*** WORKING DATA ***

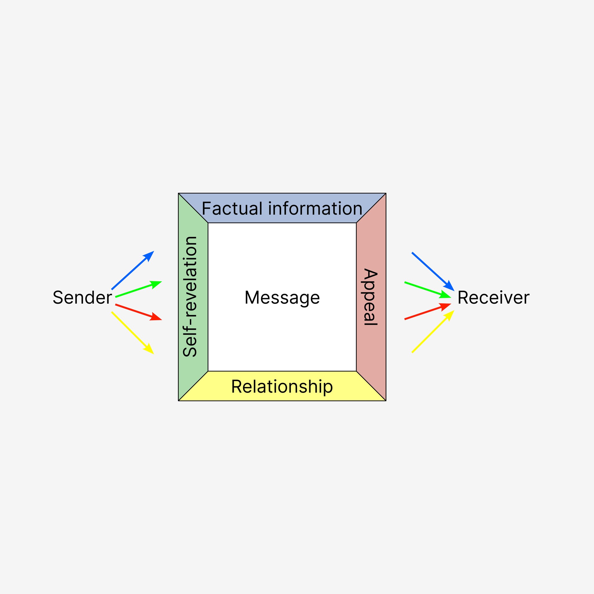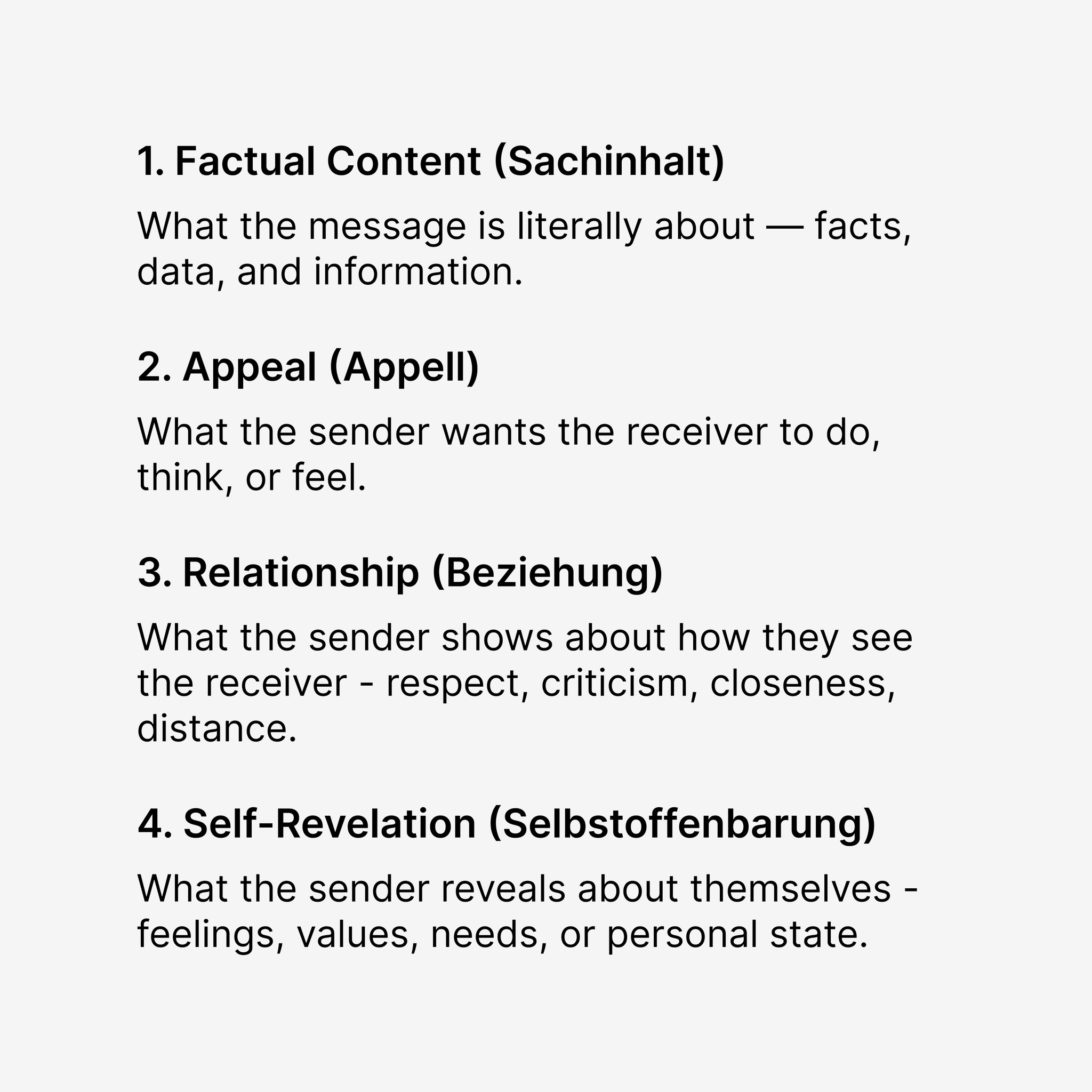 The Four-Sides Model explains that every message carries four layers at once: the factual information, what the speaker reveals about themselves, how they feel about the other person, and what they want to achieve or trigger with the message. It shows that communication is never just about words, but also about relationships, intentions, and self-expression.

*** End of WORKING DATA ***
*** WORKING DATA ***

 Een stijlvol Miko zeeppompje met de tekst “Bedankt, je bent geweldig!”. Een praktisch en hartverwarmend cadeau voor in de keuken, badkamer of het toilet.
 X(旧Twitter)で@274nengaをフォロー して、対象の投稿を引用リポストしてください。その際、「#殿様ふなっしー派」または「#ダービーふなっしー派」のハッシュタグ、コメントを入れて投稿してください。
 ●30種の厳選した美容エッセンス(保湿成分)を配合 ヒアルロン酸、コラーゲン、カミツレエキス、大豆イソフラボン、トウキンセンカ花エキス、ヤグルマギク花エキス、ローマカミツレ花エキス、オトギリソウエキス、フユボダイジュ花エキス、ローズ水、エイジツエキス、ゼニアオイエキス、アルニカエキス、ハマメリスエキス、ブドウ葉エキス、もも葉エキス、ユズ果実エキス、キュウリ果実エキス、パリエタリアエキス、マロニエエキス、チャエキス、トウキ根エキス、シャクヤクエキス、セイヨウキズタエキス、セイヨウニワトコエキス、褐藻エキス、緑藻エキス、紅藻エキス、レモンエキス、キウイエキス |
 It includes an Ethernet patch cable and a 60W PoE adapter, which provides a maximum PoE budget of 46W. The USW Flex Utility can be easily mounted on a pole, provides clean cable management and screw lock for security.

*** End of WORKING DATA ***

_AIM OF THE EXERCISE_
All lines in the listing above from the line containing "X(旧Twitter)で@2" to the line containing "It includes an", inclusive, should be retyped exactly; no other lines should appear.

_FINISHED EXERCISE_
 X(旧Twitter)で@274nengaをフォロー して、対象の投稿を引用リポストしてください。その際、「#殿様ふなっしー派」または「#ダービーふなっしー派」のハッシュタグ、コメントを入れて投稿してください。
 ●30種の厳選した美容エッセンス(保湿成分)を配合 ヒアルロン酸、コラーゲン、カミツレエキス、大豆イソフラボン、トウキンセンカ花エキス、ヤグルマギク花エキス、ローマカミツレ花エキス、オトギリソウエキス、フユボダイジュ花エキス、ローズ水、エイジツエキス、ゼニアオイエキス、アルニカエキス、ハマメリスエキス、ブドウ葉エキス、もも葉エキス、ユズ果実エキス、キュウリ果実エキス、パリエタリアエキス、マロニエエキス、チャエキス、トウキ根エキス、シャクヤクエキス、セイヨウキズタエキス、セイヨウニワトコエキス、褐藻エキス、緑藻エキス、紅藻エキス、レモンエキス、キウイエキス |
 It includes an Ethernet patch cable and a 60W PoE adapter, which provides a maximum PoE budget of 46W. The USW Flex Utility can be easily mounted on a pole, provides clean cable management and screw lock for security.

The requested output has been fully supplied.